**ACTION ITEM:** Below are records with pictures in them. Output exactly the lines from the one with "18k gold plated" through the one with "Add apricot preserves", both included, and leave every picture out; give only those lines.

**DATA SECTION:**
- Opening Delimiter -

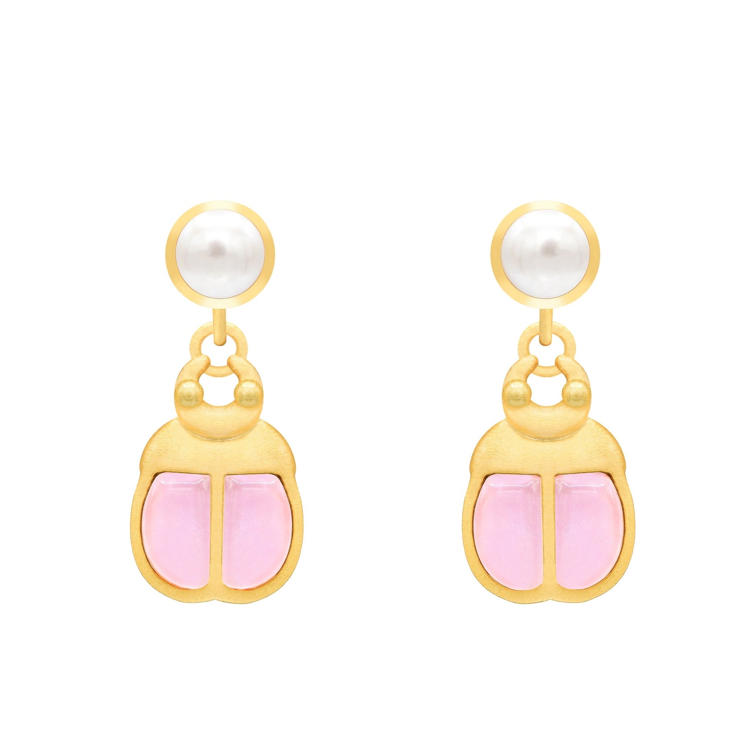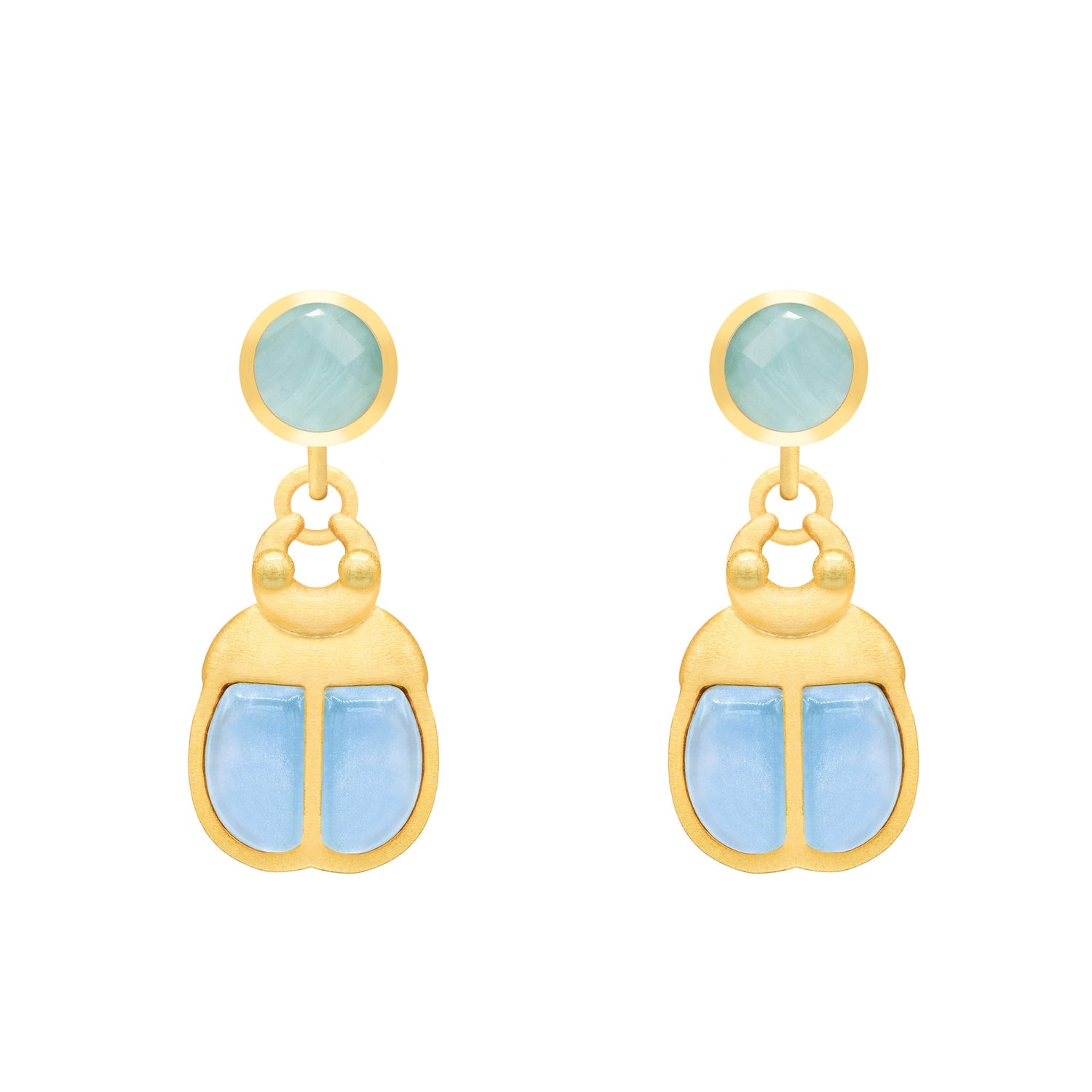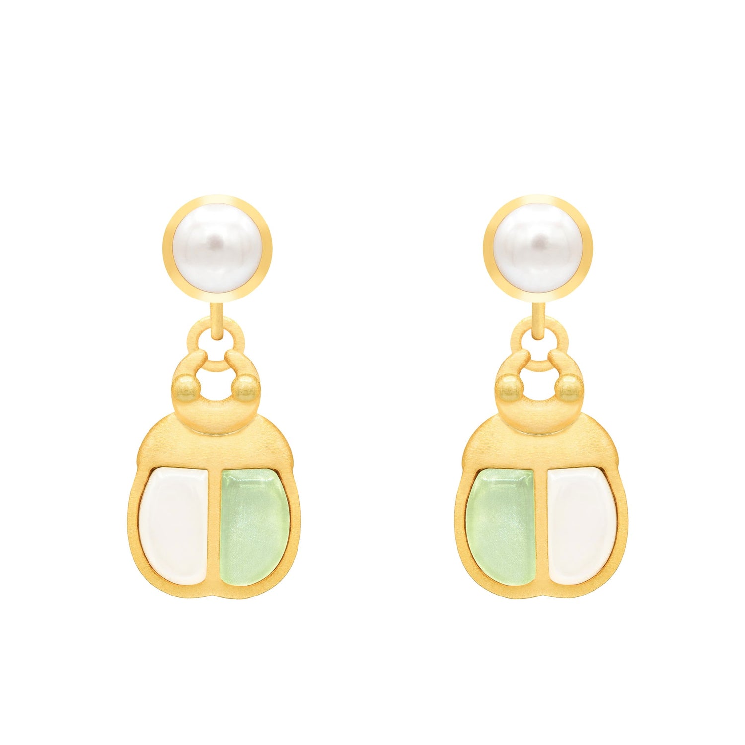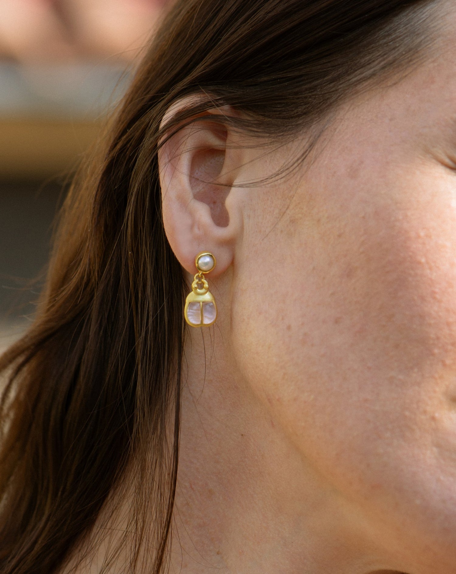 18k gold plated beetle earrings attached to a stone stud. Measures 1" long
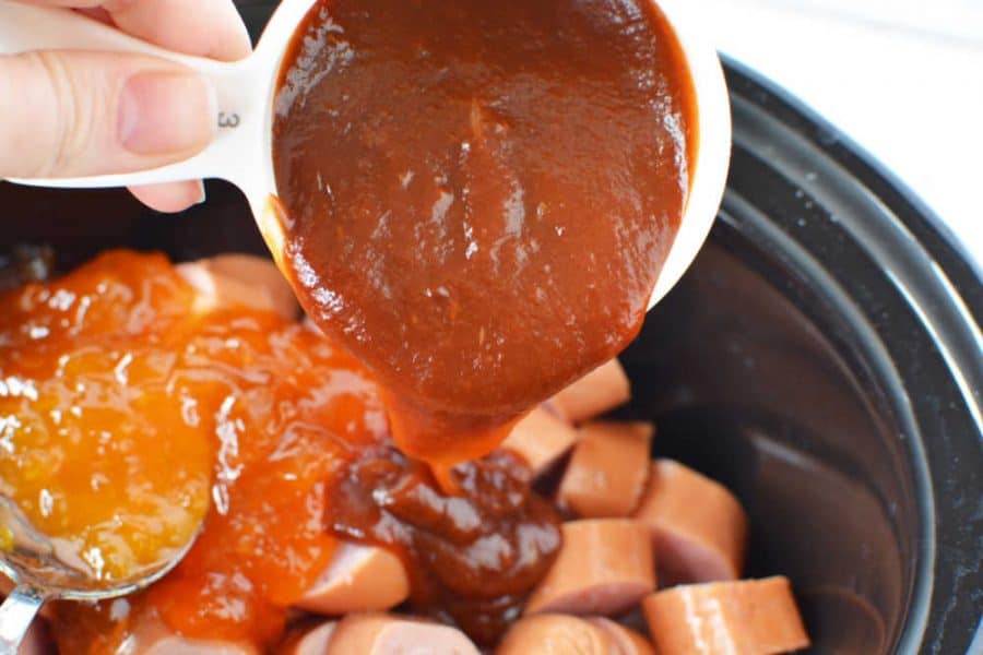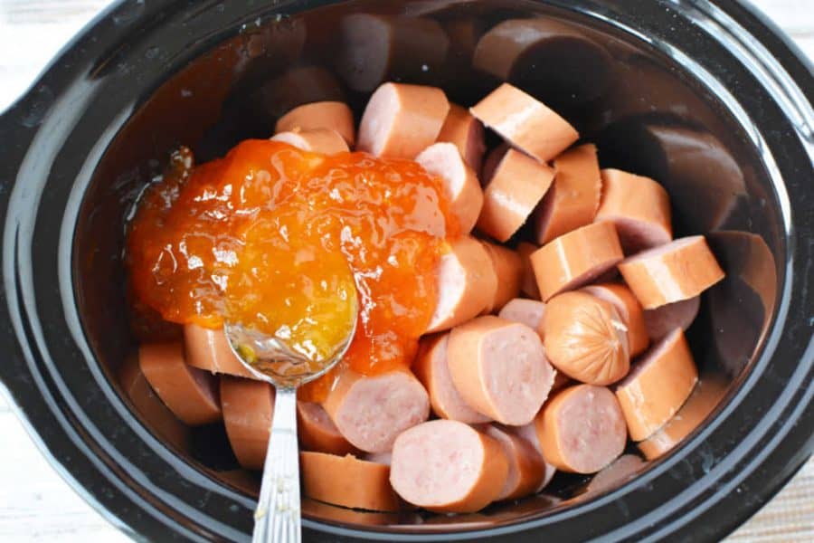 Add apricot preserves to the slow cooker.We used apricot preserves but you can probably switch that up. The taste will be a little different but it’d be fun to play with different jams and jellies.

- Closing Delimiter -
- Opening Delimiter -

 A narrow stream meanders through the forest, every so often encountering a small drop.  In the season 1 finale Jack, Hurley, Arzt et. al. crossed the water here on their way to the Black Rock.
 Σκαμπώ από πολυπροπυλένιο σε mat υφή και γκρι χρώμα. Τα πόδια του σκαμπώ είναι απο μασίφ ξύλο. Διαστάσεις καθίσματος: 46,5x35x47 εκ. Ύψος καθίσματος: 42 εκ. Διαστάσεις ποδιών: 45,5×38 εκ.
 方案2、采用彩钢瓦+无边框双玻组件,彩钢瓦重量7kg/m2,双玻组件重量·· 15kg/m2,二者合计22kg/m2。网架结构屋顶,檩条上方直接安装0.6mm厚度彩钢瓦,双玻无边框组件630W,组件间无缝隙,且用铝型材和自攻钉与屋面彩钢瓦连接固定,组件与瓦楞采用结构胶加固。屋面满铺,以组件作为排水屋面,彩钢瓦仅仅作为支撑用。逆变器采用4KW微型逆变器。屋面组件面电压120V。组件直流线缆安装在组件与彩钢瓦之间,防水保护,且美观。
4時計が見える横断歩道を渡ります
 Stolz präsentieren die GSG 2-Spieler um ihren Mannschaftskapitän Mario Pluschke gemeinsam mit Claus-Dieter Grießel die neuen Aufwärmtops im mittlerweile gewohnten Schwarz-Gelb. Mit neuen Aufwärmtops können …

- Closing Delimiter -
- Opening Delimiter -

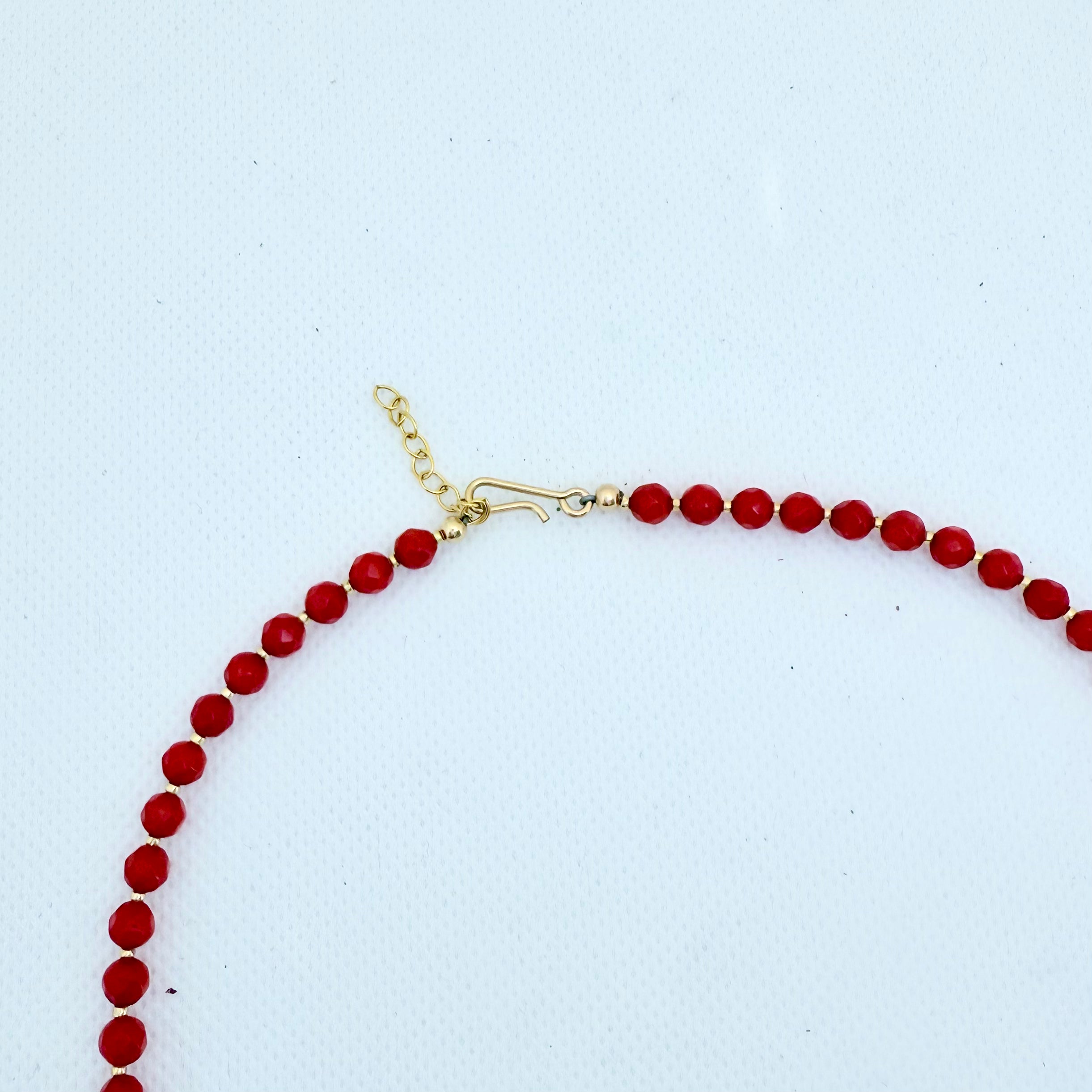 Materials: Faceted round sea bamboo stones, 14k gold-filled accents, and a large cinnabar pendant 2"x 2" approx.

- Closing Delimiter -

**SOLUTION TO THE PROBLEM:**
 18k gold plated beetle earrings attached to a stone stud. Measures 1" long
 Add apricot preserves to the slow cooker.We used apricot preserves but you can probably switch that up. The taste will be a little different but it’d be fun to play with different jams and jellies.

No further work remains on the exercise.